New technique allows biologists to profile patterns of gene regulation in rare cell populations

Mapping all of the chemical, or epigenetic, changes to chromosomes that affect which genes are turned on or off—and thus determine the fate of genomically identical cells in the body—usually requires a large amount of starting cellular material. This technical limitation has impeded the analysis of gene regulation in many rare cell types and in small clinical biopsy samples. Now, a team of biologists led by A*STAR scientists has developed a protocol for characterizing these changes that requires up to 100 times fewer cells than previously needed. As a proof of principle, the researchers used the approach to chart which genes are activated or repressed in mouse reproductive cells that eventually give rise to eggs or sperm.

"We developed a technique for epigenetic analysis of very small numbers of cells, and used it to identify gene regulatory elements in the genome of germ cells in the mouse embryo," says one of the team leaders, Shyam Prabhakar from A*STAR's Genome Institute of Singapore.
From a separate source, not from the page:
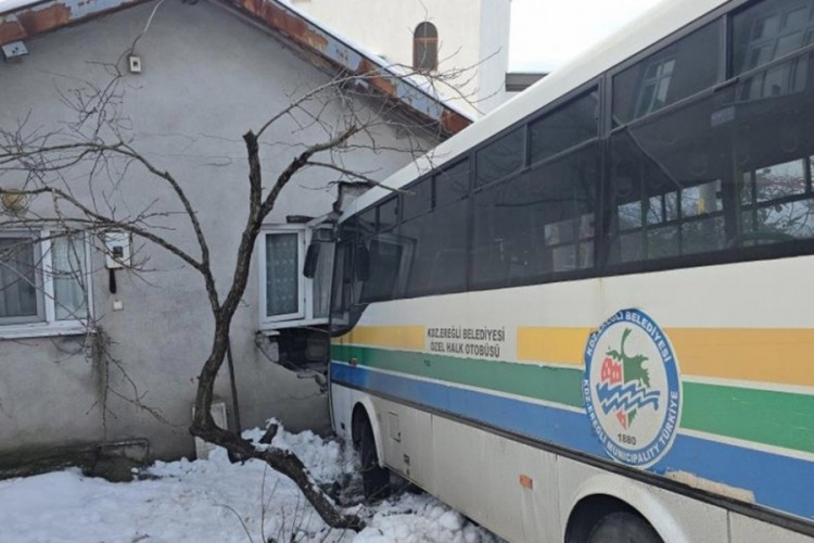 Zonguldak'ın Ereğli ilçesinde, rampa aşağı inerken kontrolden çıkan halk otobüsü yolun kenarındaki tek katlı eve çarparak durabildi. Evin ve otobüsün boş olması olası bir facianın önüne geçti.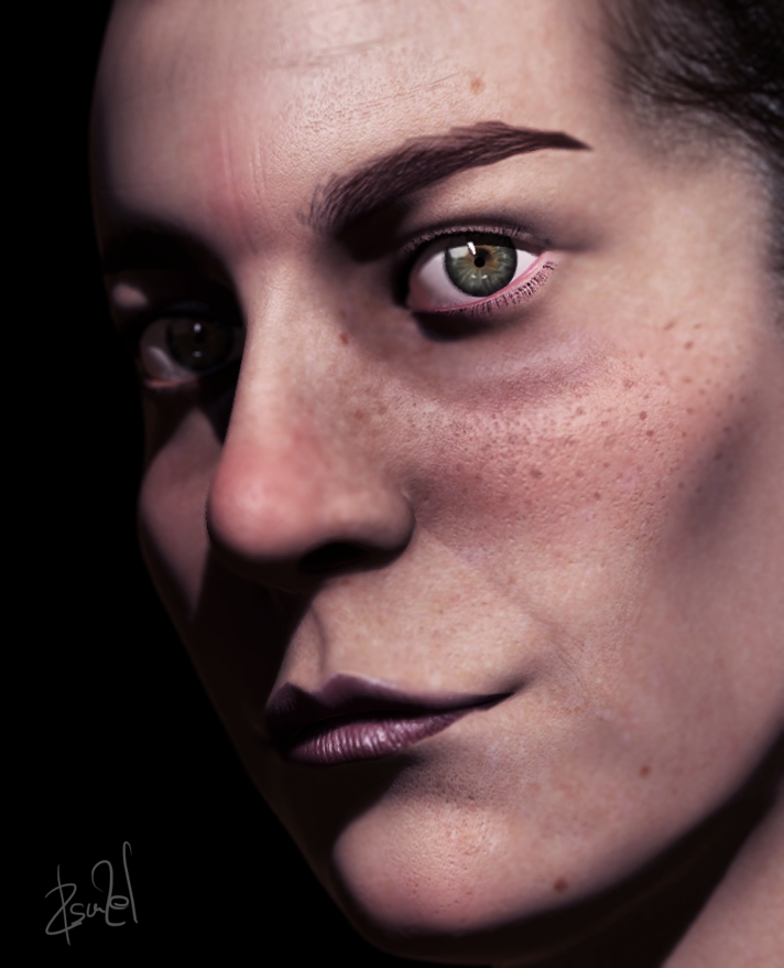Aquí os dejo la imagen final de un retrato femenino. Espero os guste. Redalizado en 3d Studio, texturas creadas en Adobe Photoshop. El mapeo con UV Layout. Y edición final en Adobe Photoshop. Saludos.

The team, which is co-led by the Genome Institute of Singapore's Huck Hui Ng, started with a standard technique for epigenetic analysis known as ChIP-seq. This method combines a way of investigating the interactions between proteins and DNA called 'chromatin immunoprecipitation', or ChIP, with high-throughput DNA sequencing. ChIP-seq can reveal modifications to chromosome structures that affect gene expression (see image). Typically, ChIP-seq requires millions of cells to work properly. Prabhakar and Ng's team, however, adapted the technique so that it could work with just 10,000 cells. This involved miniaturizing various aspects of the protocol so that it worked reliably with smaller volumes.

Using the small-scale ChIP-seq method on germ cells taken from embryonic mice, the researchers revealed many previously unknown epigenetic features needed for proper maintenance and development of these early precursors of eggs and sperm. They include changes to promoters and enhancer elements that control how germ-cell specific genes are activated, as well as repressive marks on some genes that are needed only later in development. Interestingly, the analysis also showed that genetic elements called retrotransposons and genes involved in activating immune responses are both silenced, preserving genomic integrity and preventing cell death in these important reproductive cells.

Next, Prabhakar, Ng and co-workers plan to apply the method to study rare cell populations in humans, including biopsies taken from cancer patients. "This technology now enables us to study other cell types of limited quantity," Ng says.